Mission · Cuppa Harness

Cuppa Harness: the pattern library for the model-churn era

2 May 2026

The model layer churns. A new state-of-the-art lands every few weeks, context windows triple, prices halve, providers come and go. If your product is built around a specific model — a specific tokenizer, a specific tool-call format, a specific cloud endpoint — you spend your engineering budget chasing the bottom of the curve instead of building the product.

The bits that don’t churn — the way you compose a request, fan out to multiple providers, repair malformed JSON, judge responses, retry with correction — those are durable. We’ve been building them for a year inside a shipping iOS app. Cuppa Harness is the extraction.

Why “harness”?

Strap a horse to a cart and the horse does the work. The harness is just leather and buckles, but without it nothing pulls. Our patterns are the harness around the model: utterly unglamorous, mostly invisible, and the reason the cart moves.

Models change. Patterns endure.

What’s in it

Six surfaces, each one a thing we got wrong before we got it right:

Protocols — provider-agnostic shapes (ReplyService, ModeratorService, MediaService) so swapping or fanning out across models is a one-line change.
Memory patterns — context engineering primitives, conversation shapes, retrieval scaffolding.
Orchestration — fan-out coordinators, moderator-as-judge, smart routing classifiers.
Output repair — fence stripping, brace block extraction, JSON candidate ladders, reasoning-tag handling.
Tool design — conventions for exposing app capabilities to models without the API churn.
Sandboxes — minimal reference implementations for each pattern, runnable as starting points.

The protocol shape

The most important decision in the 1.0 surface is the shape of ReplyService. Get this right and every provider — Apple Foundation Models, Anthropic, Gemini, on-device Gemma, future things we haven’t heard of — slots in behind the same call site:

public protocol ReplyService {
    func reply(to request: ReplyRequest) async throws -> ReplyResponse
}

struct AppleFoundationReply: ReplyService { /* ... */ }
struct ClaudeReply: ReplyService { /* ... */ }
struct GemmaReply: ReplyService { /* ... */ }

Once every provider speaks the same protocol, fan-out is trivial:

let replies: [ReplyResponse] = try await withThrowingTaskGroup(
    of: ReplyResponse.self
) { group in
    for service in council {
        group.addTask { try await service.reply(to: request) }
    }
    var collected: [ReplyResponse] = []
    for try await reply in group { collected.append(reply) }
    return collected
}

let summary = try await moderator.summarize(replies, for: request)
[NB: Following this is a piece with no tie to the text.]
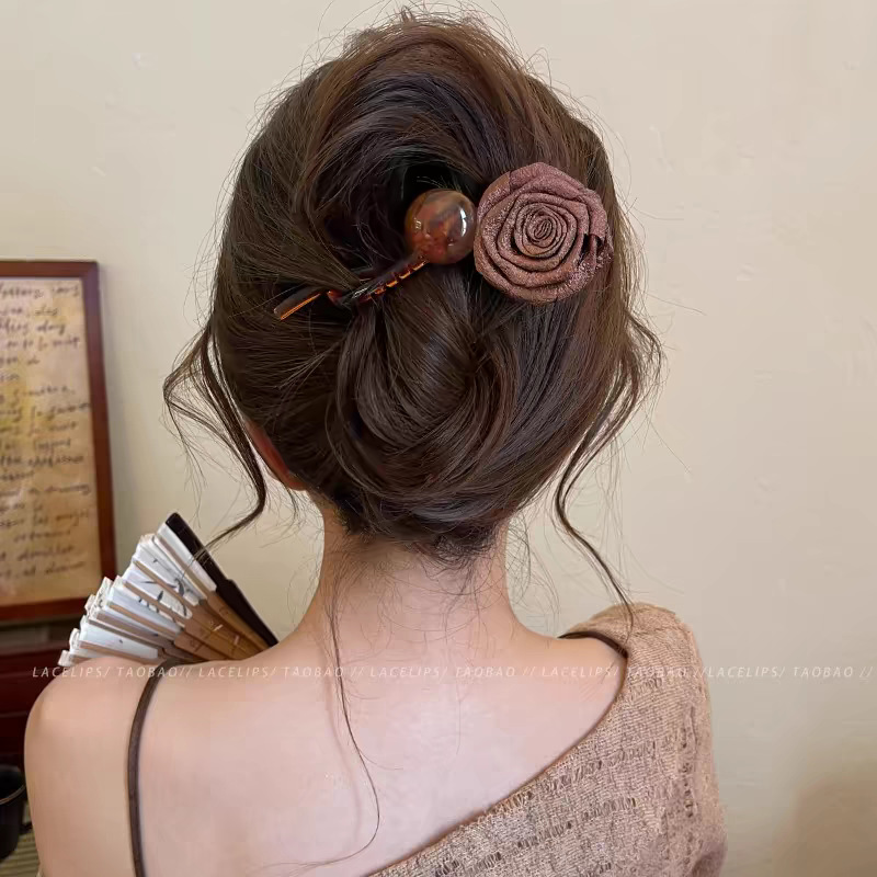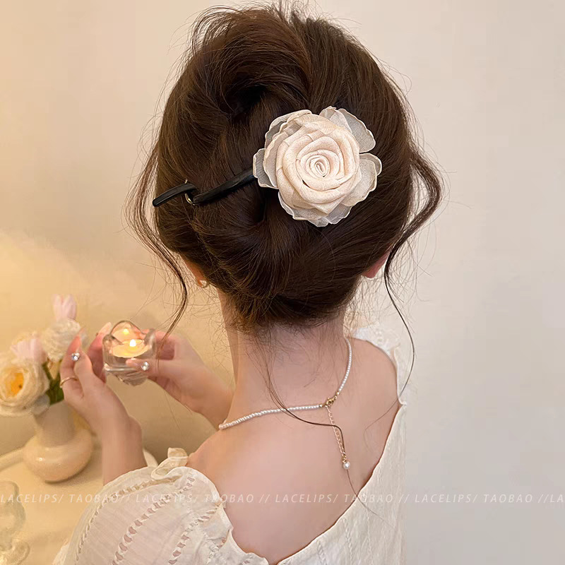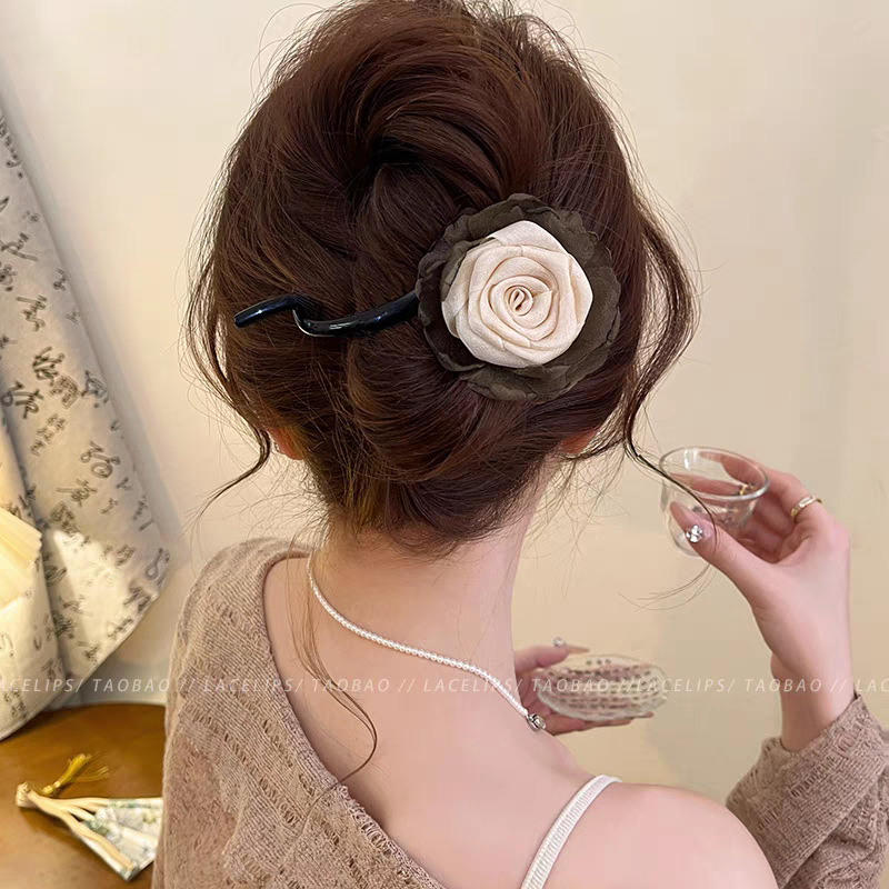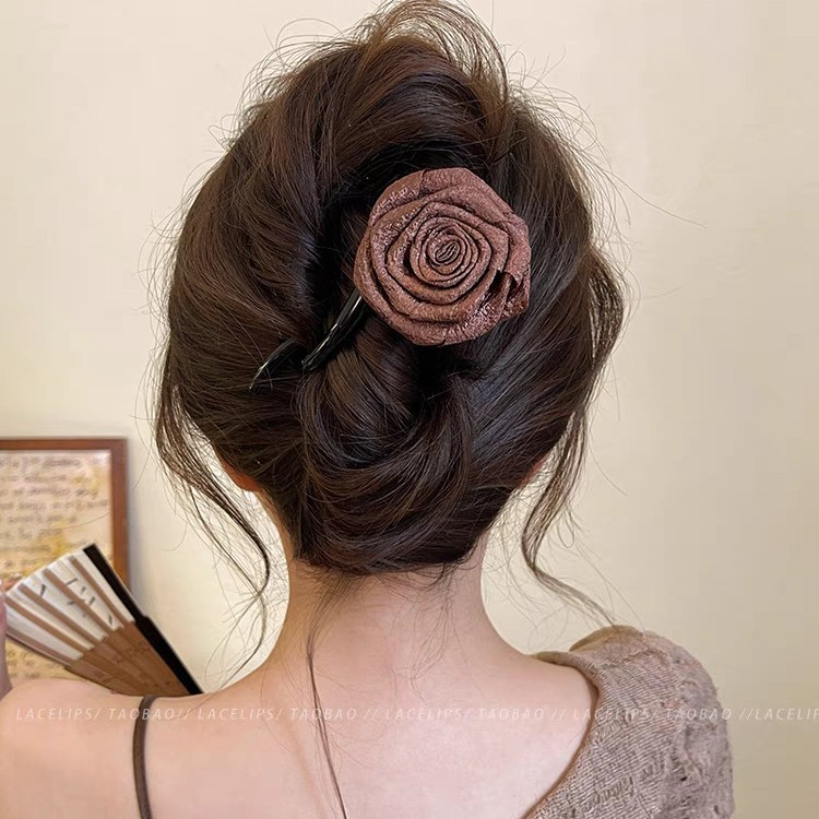 고급 로즈 플라워 트위스트 클립 여성의 2025 새로운 백 헤드 클립 그랩 클립 올 매치 헤어핀 헤어 액세서리

That’s the whole shape of multi-model. No special-casing per provider. No “if Claude, do this; if Gemma, do that.” One protocol, N implementations, a moderator that consumes whatever comes back.

Output repair, the unglamorous half

Here’s a thing nobody warns you about: even a well-prompted model returns malformed JSON ~10% of the time. Truncated braces, stray markdown fences, “Sure, here you go!” preambles, reasoning tags leaking out of <thinking> blocks. Most “prompt engineering” advice is really parsing engineering in disguise.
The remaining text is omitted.